Delta, which eclipsed Southwest as the world’s largest airline in last year’s merger with Northwest wants United Airlines dead. Actually, deader than it is.

V Australia’s owner, Virgin Blue, has a code share agreement with United and apparently couldn’t care less either. It hasn’t answered a query about this sent yesterday, indeed hasn’t responded to a single query for over a month.

But we can fill in a few blanks. V Australia needs a two way link or ‘feed’ from Delta to counter the very potent relationship between Qantas and American Airlines.

Delta, because of the Northwest network merger, is building a very impressive alternative to connecting with American in Los Angeles and for that matter San Francisco, should V Australia fly there as well in future years.

Indeed, Delta gives V Australia opportunities that Virgin America might not ever offer, although the latter is defying its US doomsayers and building up an important franchise on some routes where any regular visitor to America would be seriously hungry for a bit of quality as is generally take for granted on the major Australian carriers.

The pressure that Delta and V Australia locally will put on United also assists Virgin Blue’s NZ subsidiary Pacific Blue put pressure on Air NZ, because of the slight but vulnerable synergies that exist between UA and NZ through common membership of the Star Alliance.
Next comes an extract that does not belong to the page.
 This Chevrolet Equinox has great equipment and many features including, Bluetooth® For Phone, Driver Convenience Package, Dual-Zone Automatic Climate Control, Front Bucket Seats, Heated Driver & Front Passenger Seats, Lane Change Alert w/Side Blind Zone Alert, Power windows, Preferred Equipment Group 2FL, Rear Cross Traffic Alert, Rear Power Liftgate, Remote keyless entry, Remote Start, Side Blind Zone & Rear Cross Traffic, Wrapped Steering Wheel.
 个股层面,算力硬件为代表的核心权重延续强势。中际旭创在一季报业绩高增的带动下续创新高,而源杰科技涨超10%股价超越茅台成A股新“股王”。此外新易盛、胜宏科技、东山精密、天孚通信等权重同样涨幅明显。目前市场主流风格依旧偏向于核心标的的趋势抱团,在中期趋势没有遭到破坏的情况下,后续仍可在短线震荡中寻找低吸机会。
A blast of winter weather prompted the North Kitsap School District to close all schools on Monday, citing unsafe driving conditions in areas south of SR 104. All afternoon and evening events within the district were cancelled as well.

Air NZ is really exposed in the current situation to domestic competition by Jetstar and Pacific Blue, and the invasion of its international network by airlines encouraged by the laissez faire policy settings of New Zealand in regards to aviation.
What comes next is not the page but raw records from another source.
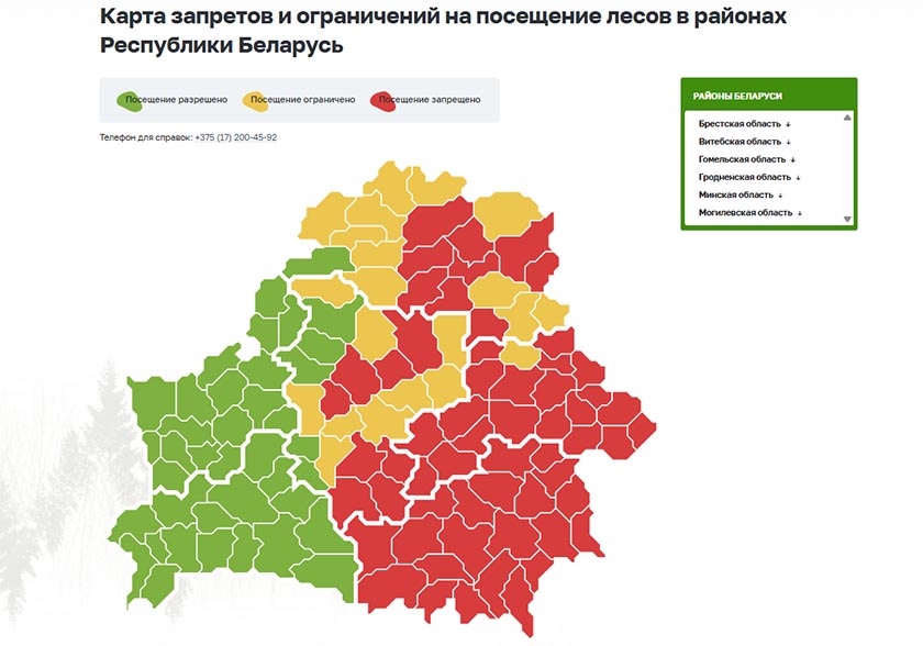 В большинстве районов Беларуси введены запреты и ограничения на посещение лесов. Об этом свидетельствуют данные интерактивной карты на официальном сайте Министерства лесного хозяйства Беларуси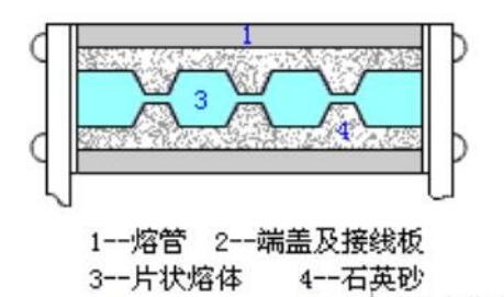 另外一种如下图所示。熔体装在有绝缘砂粒填料(如石英砂)的熔管内,在熔体断开电路产生电弧时,绝缘砂粒可吸收电弧能量,金属蒸气能散发到砂粒的缝隙中,熔体很快冷却,从而达到灭弧的目的。
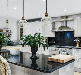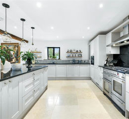 Kitchen with a range of contemporary base and wall units and island with black granite worktops. Rangemaster infusion stainless steel range with electric ovens, gas hob and hood over. Inset microwave/combination oven, wine cooler, larder fridge, larder freezer , dishwasher and washing machine and dryer. Large seating/dining area and storage cupboard.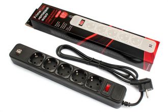 Фільтр живлення FrimeCom (FC-BU4005W 1.8 B) 5 розеток, 2хUSB, 1.8 м, чорний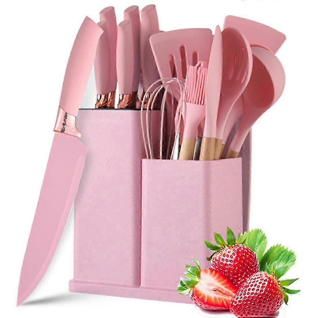 2025 Cherry Pink 19 Piece Kitchen Utensils and Knife Set with Block, Including 9 Silicone Utensils
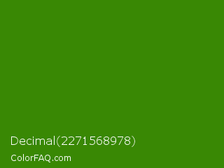 Decimal 2271568978 Color is a dark green color and the nearest color is Napier Green #2a8000. Hex code #398804 and RGB value is rgb(57,136,4). In RGB color space, this color is composed of 22% red, 53% green, 2% blue, In CMYK color space, this color is composed of 58% cyan, 0% magenta, 97% yellow , 47% black , In HSL color space, this color has a hue angle of 96° , 94% saturation and 27% lightness.

The V Australia/Delta agreement will also be assisted by the inability of Jetstar to carry out that part of its strategic goal which required non-stop flights from Australia to the US mainland using Boeing 787s, because that jet is late, heavy, and gets the hots in an undercarriage someone forgot would be impacted by the heat retention qualities of composite structures.

But that’s another story.

The delays and restrictions affecting the Dreamliner mean Jetstar is moving to an Auckland hub from which it can, among other things, get 787s with 330 tightly packed customers to the continental USA .

But V Australia and Delta share one other advantage. They both have newly built Boeing 777s, and while they are different models, non-stop America with very competitive per seat costs is not a problem for either.
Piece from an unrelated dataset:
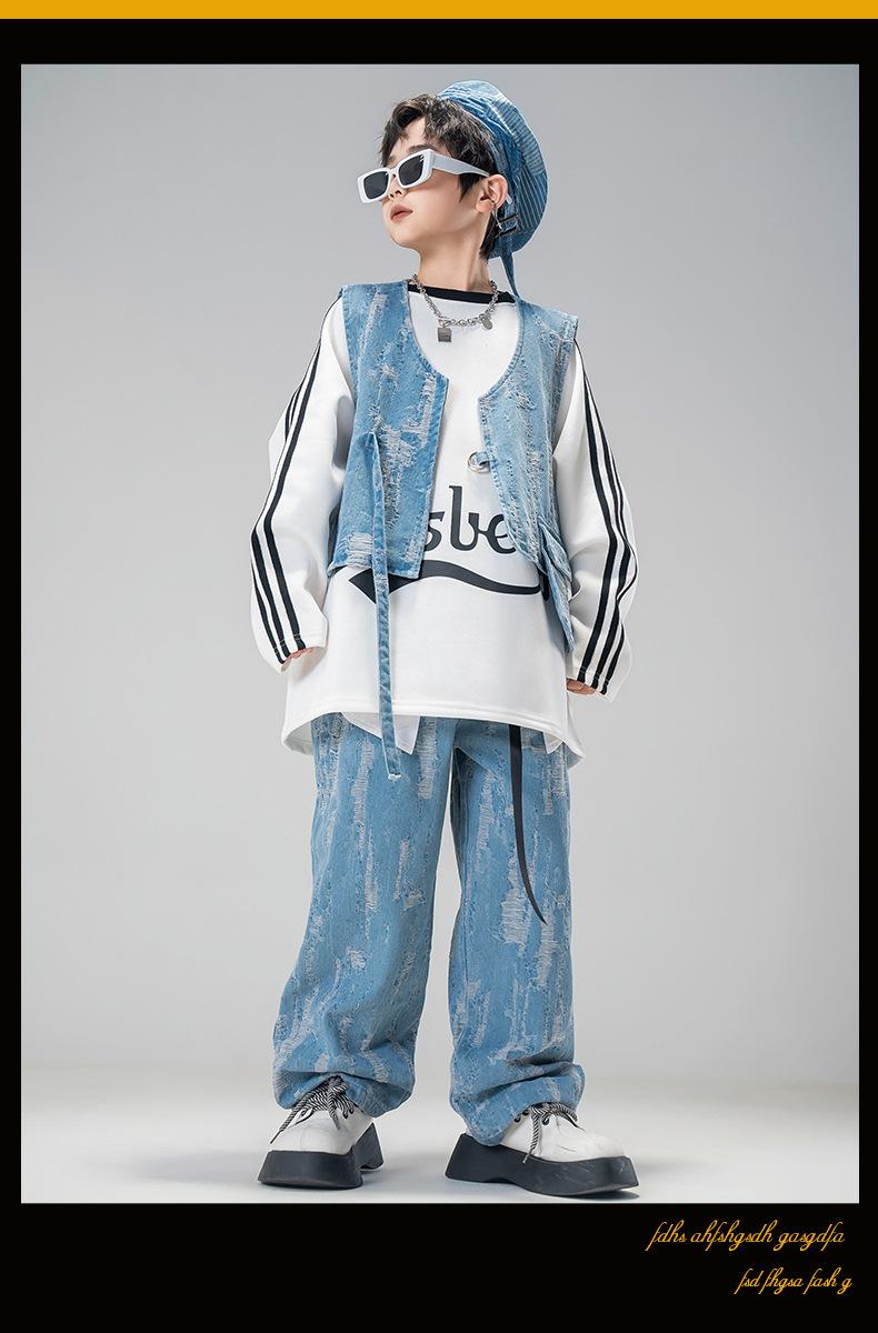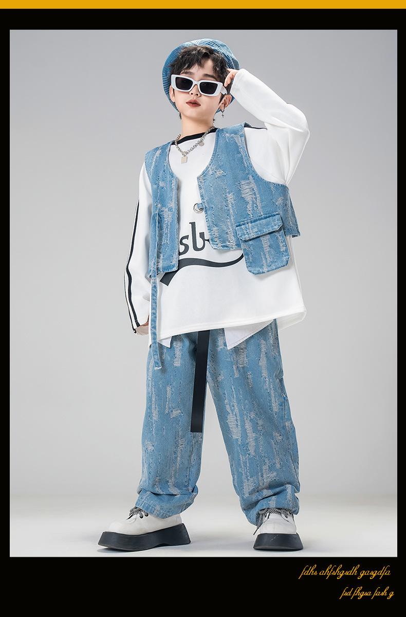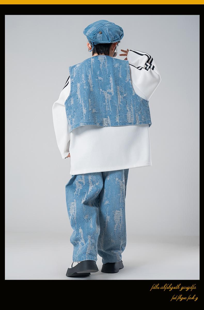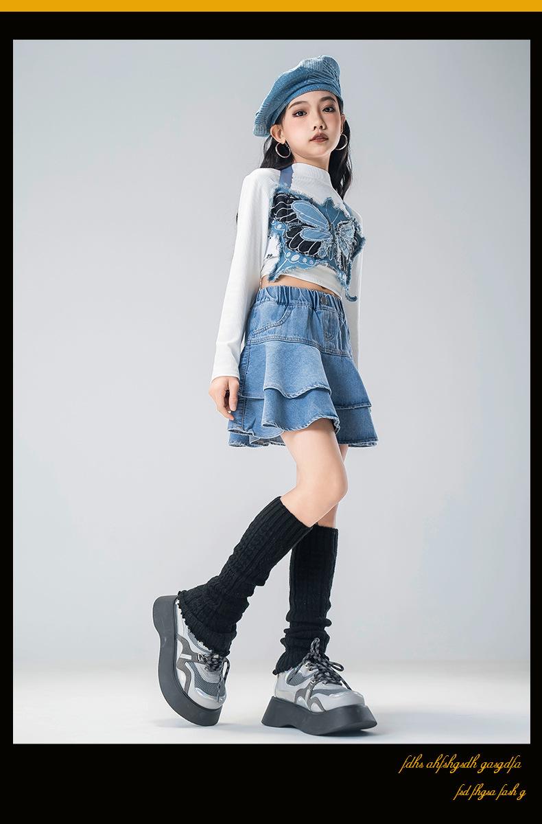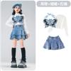 Denim butterfly, Patch Denim trousers, Pure white long-sleeved bottoming shirt (order Note color), Denim butte...

As pointed out in earlier threads, the Qantas A380s have inherently unbeatable cost advantages among airliners, but these are not realised to an optimum level in its current configuration of only 450 seats predicated on a level of demand for premium fares which is being slashed by a sudden shortage of masters of the universe or the travel accounts that used to sustain them.

It is true this is a bad time for V Australia to launch services to the US, but in the bigger picture of its relationship with Delta, not as bad as it had been before the deal was sealed.